I am currently using Pandas and Python to handle much of the repetitive tasks, I need done for my master thesis. At this point, I have written some code (with help from stack overflow) that, based on some event dates in one file, finds a start and end date to use as a date range in another file. These dates are then located and appended to an empty list, which I can then output to excel. However, using the below code I get a dataframe with 5 columns and 400.000 + rows (which is basically what I want), but not how I want the data outputted to excel. Below is my code:
end_date = pd.DataFrame(data=(df_sample['Date']-pd.DateOffset(days=2)))
start_date = pd.DataFrame(data=(df_sample['Date']-pd.offsets.BDay(n=252)))
merged_dates = pd.merge(end_date,start_date,left_index=True,right_index=True)
ff_factors = []
for index, row in merged_dates.iterrows():
time_range= (df['Date'] > row['Date_y']) & (df['Date'] <= row['Date_x'])
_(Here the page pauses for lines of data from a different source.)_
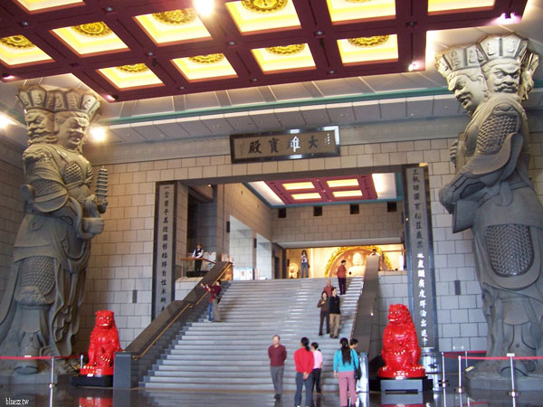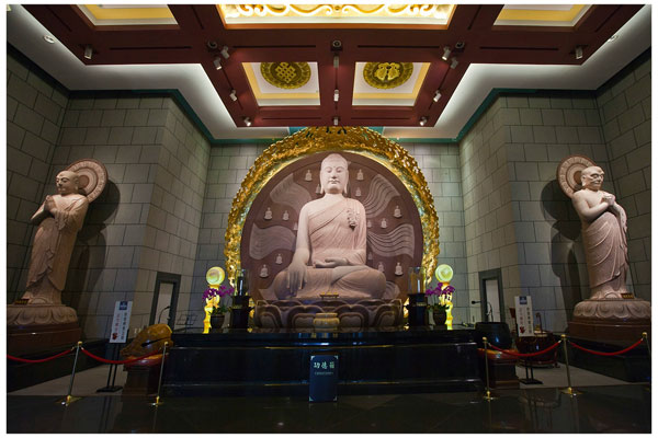 中台禅寺的大雄宝殿位于主体建筑的二楼,从四天王殿直上阶梯即可到达,大雄宝殿即是佛教丛林道场中供奉佛像的正殿,一尊由印度红花岗岩雕琢而成的释迦牟尼佛镇坐于殿堂中央,佛具大智力,能降服魔怨、威德高尚,故称“大雄”。大雄宝殿整体的空间设计以红、灰为主色,象征佛陀现身于五浊恶世普度众生的时间景色。侍立两旁的多闻阿难尊者与苦行迦叶尊者代表著修行的精神。
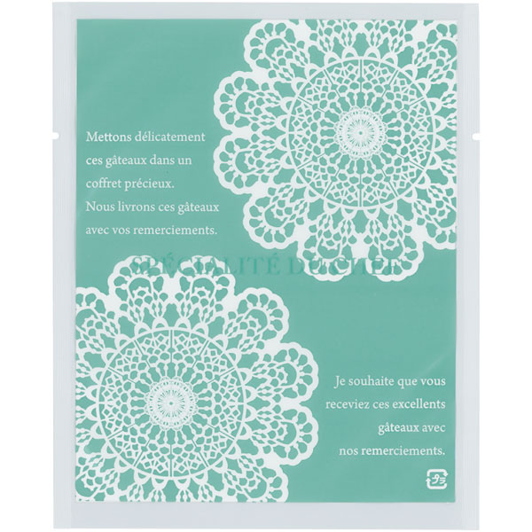 【規格内容】幅130×長さ160mm【厚み】0.06mm【形状】カマス袋【材質】KOP20/LLD40【加工】Uノッチ(左右)付、縦5mmシール【補足1】脱酸素剤対応、乾燥剤対応、ノッチ付【補足2】使い捨て【色】透明緑【柄】柄付【キーワード】菓子袋、ガスバリア袋、焼き菓子袋、焼き菓子用袋、ラッピング、パッケージ、個包装用袋、包材【用途】マドレーヌ、クッキー、パウンドケーキ、焼ドーナツ【商品特徴】洋菓子にぴったりな柄を豊富に揃えました。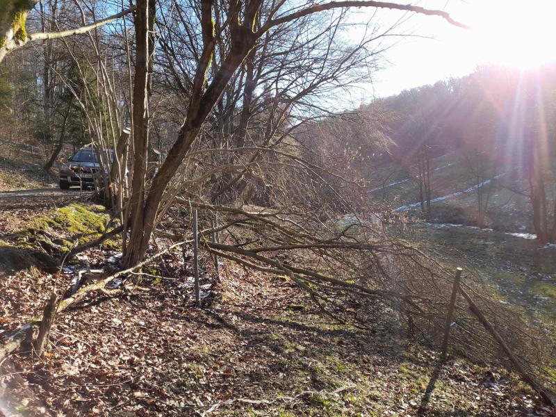 Uralte Haseln machen doppelt Probleme: Sie enthalten tolle abgestorbene Stämme, die für Spechte echt toll sind. Sie brechen nur irgendwann unkontrolliert runter und ich kann mir mit 3 Wölfen keine Zaunfehler leisten. Aufgehalten hat hier nicht nur die Mikadostruktur jener Gewächse, sondern dass der Wald auch schon schwungvoll in die Fläche gedrückt hat. Da stresst das Satellitenbild also auch noch. Es hätte übern Bach mindestens noch 5 mal soviel Pflegebedarf gehabt. Da ich keine Flügel habe kam ich aber nicht übern Bach.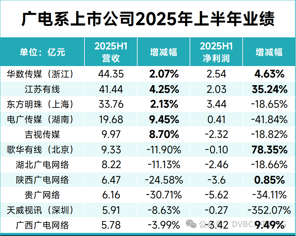 2025年上半年的业绩答卷,清晰地展现了广电系上市公司在转型升级过程中的分化态势。江苏有线、华数传媒、电广传媒等企业通过积极布局5G融合业务、拓展政企市场和创新业态,展现出较强的应变能力与发展韧性,为行业提供了可借鉴的转型路径。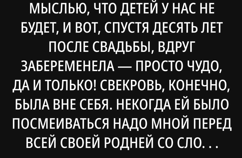 Свекровь, конечно, была вне себя. Некогда ей было посмеиваться надо мной перед всей своей родней со словами: «Видимо, от моего сына внуков не дождусь невестка-то у нас бесплодная!» Хотя у неё, между прочим, уже и правнучка есть дочка старшего сына. Как я ненавидела все эти разговоры… Но пришлось молча терпеть, неоднократно.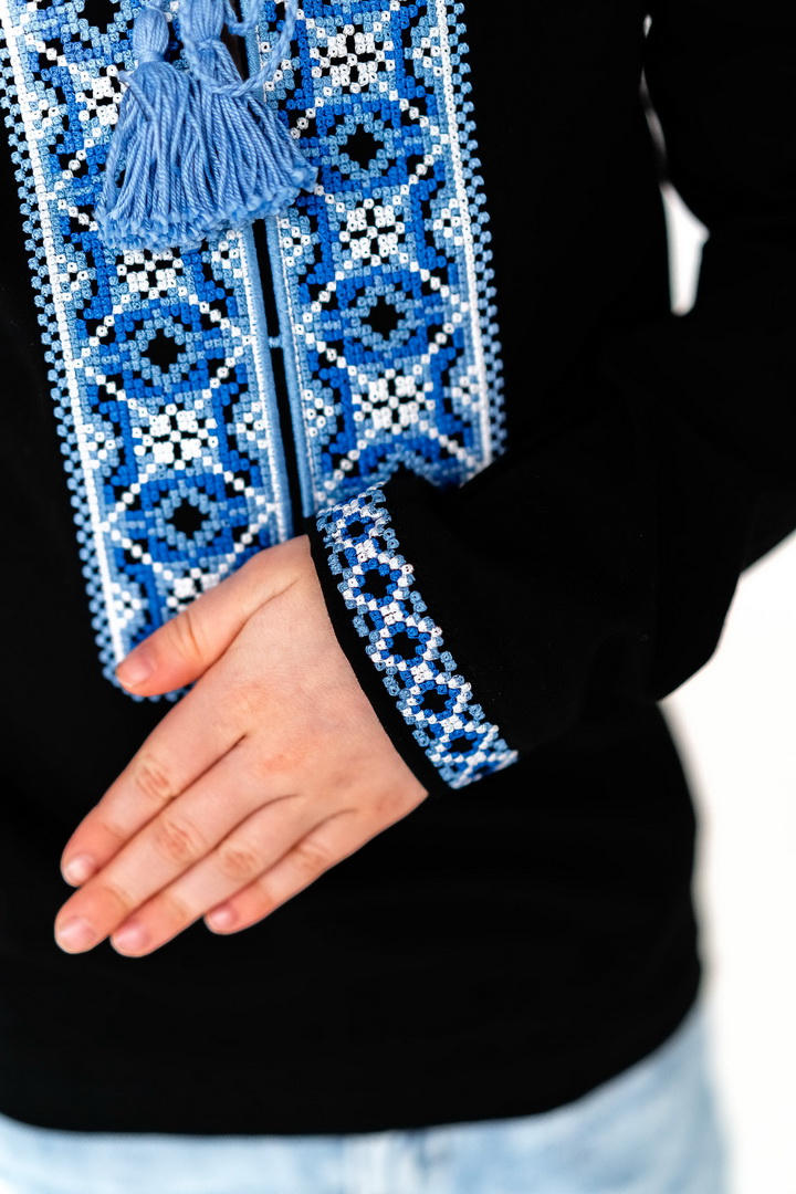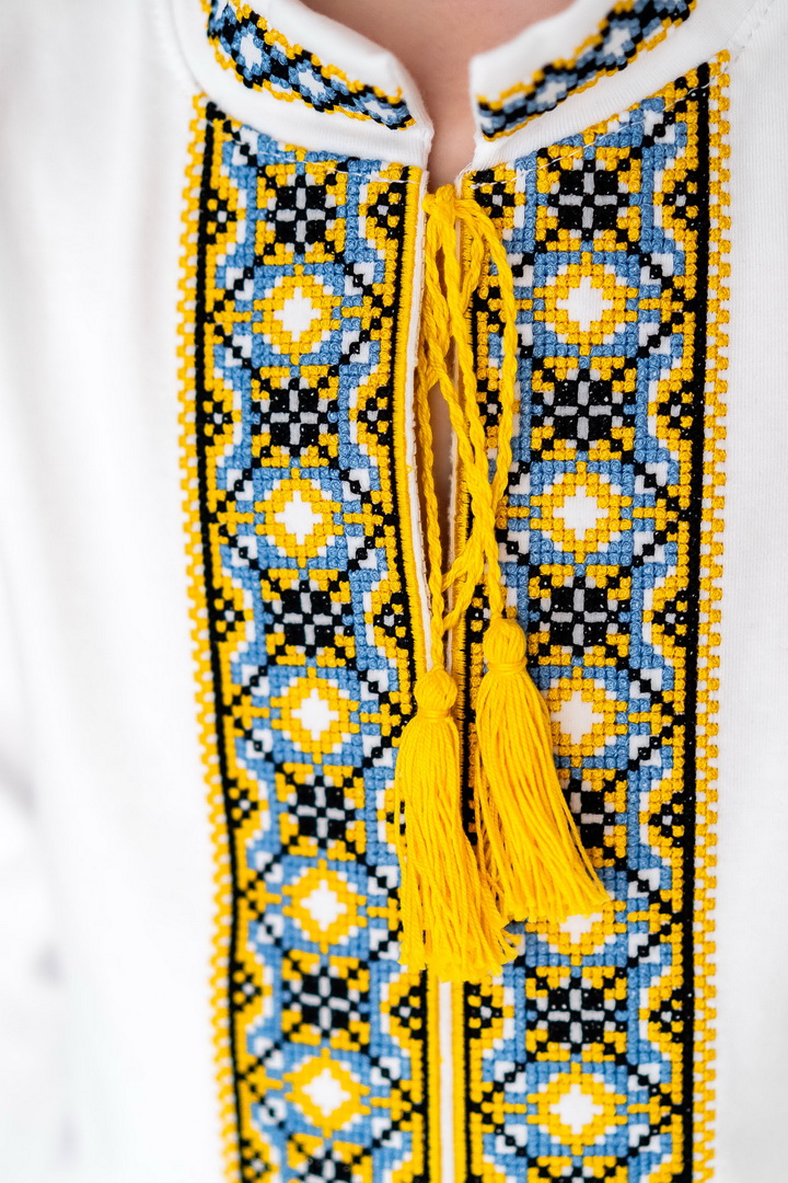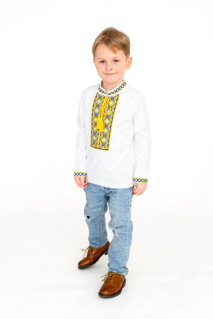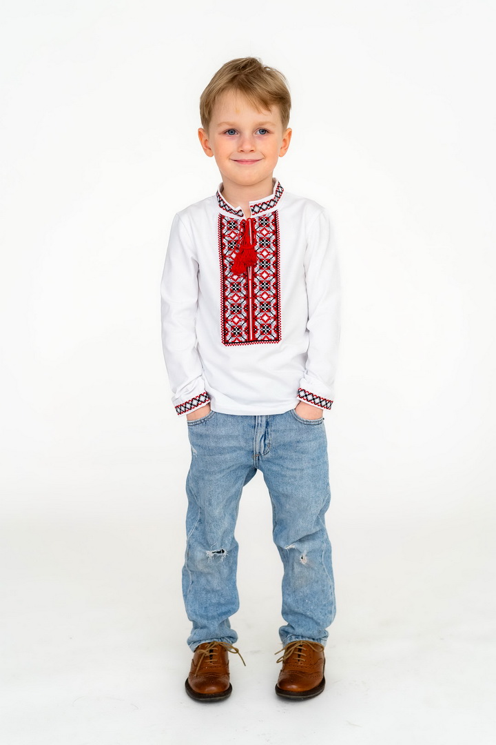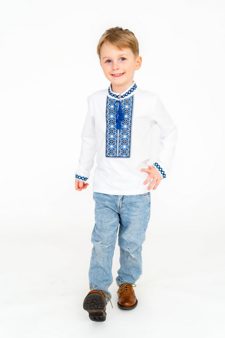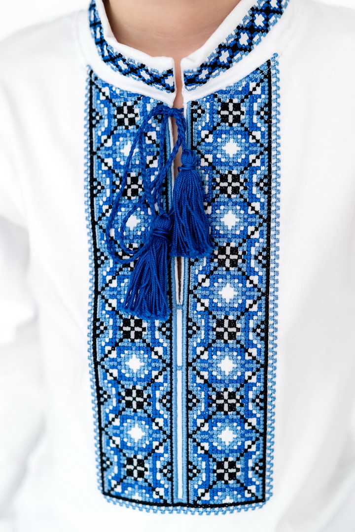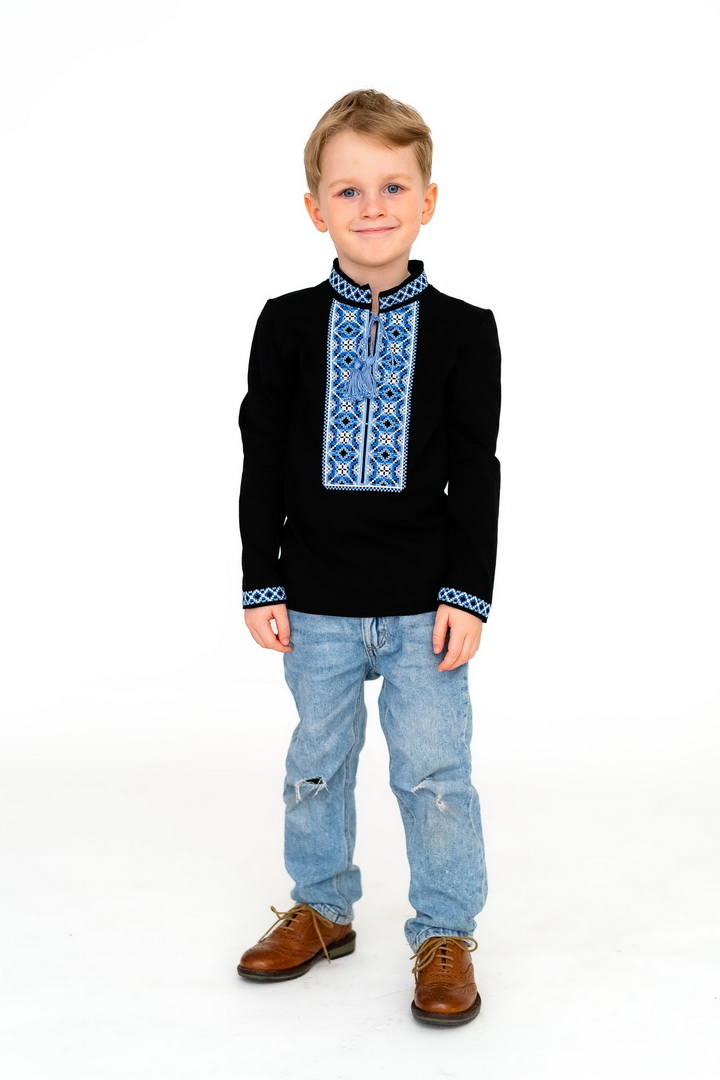 Ця вишиванка створена для хлопчика, який рухається, пізнає світ і водночас носить у собі український код. Вона поєднує традиційний орнамент і сучасний комфорт, щоб національний одяг був не лише святковим, а й зручним у щоденному житті. Основа виробу — стрейч-кулір пеньє преміальної якості. Тканина м’яка, приємна до тіла, не подразнює шкіру та зберігає охайний вигляд. Акцентна вишивка на грудях привертає увагу чіткістю ліній і глибиною кольорів. Геометричні мотиви читаються як символ сили, захисту й спадковості, а декоративне оздоблення манжетів завершує образ, роблячи його цілісним і продуманим. Комір зі шнурівкою додає виробу характеру. Ця вишиванка не «на один день». Вона органічно виглядає на шкільних заходах, родинних святах, фотосесіях і водночас легко вписується у повсякденний образ з джинсами чи брюками. Саме той випадок, коли традиція стає частиною щоденного стилю дитини.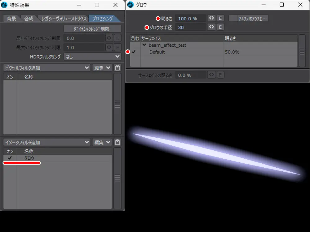 特殊効果としてグロウを適用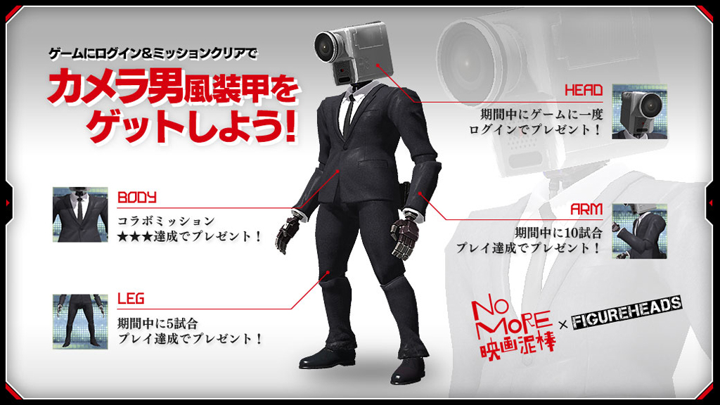 カメラ男を模した装甲の実装も。「フィギュアヘッズ」と「NO MORE映画泥棒」のコラボ企画が7月28日より実施
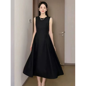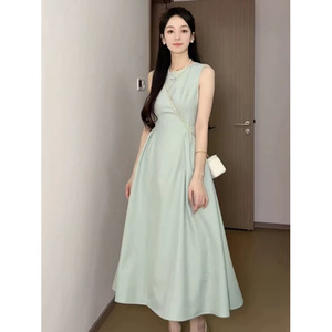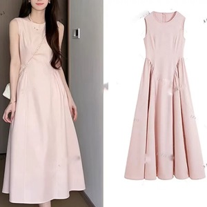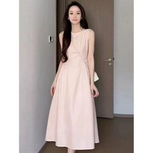 ピンク 2025 新しい夏のノースリーブベストドレス女性のスリムウエストデザインラウンドネックドレス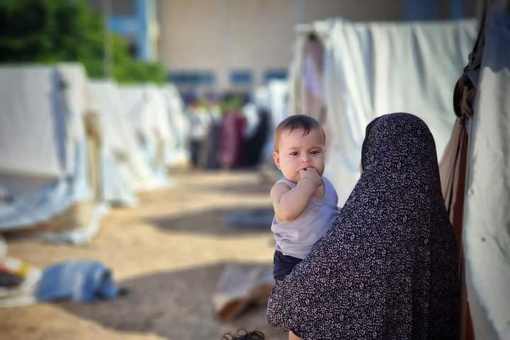 خيام النازحين في خانيونس جنوب قطاع غزة للمواطنين الذين رحلوا من شمال القطاع جراء الغارات الاسرائيلية المكثفة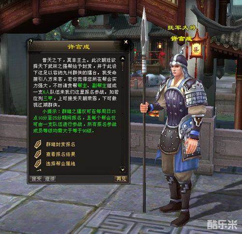 周日15:10-15:25期间,所有帮会中等级≥90级的成员,均可由其帮会的帮主、副帮主带领,组成一支6人队伍前往苏州(262,229)许言成处,报名参加群雄封赏活动。如有参战人员调整,需在报名时间之内重新组队报名。

df_factor = df.loc[time_range]
ff_factors.append(df_factor)
appended_data = pd.concat(ff_factors, axis=0)
I need the data to be 5 columns and 250 rows (columns are variable identifiers) side by side, so that when outputting it to excel I have, for example column A-D and then 250 rows for each column. This then needs to be repeated for column E-H and so on. Using iloc, I can locate the 250 observations using appended_data.iloc[0:250], with both 5 columns and 250 rows, and then output it to excel.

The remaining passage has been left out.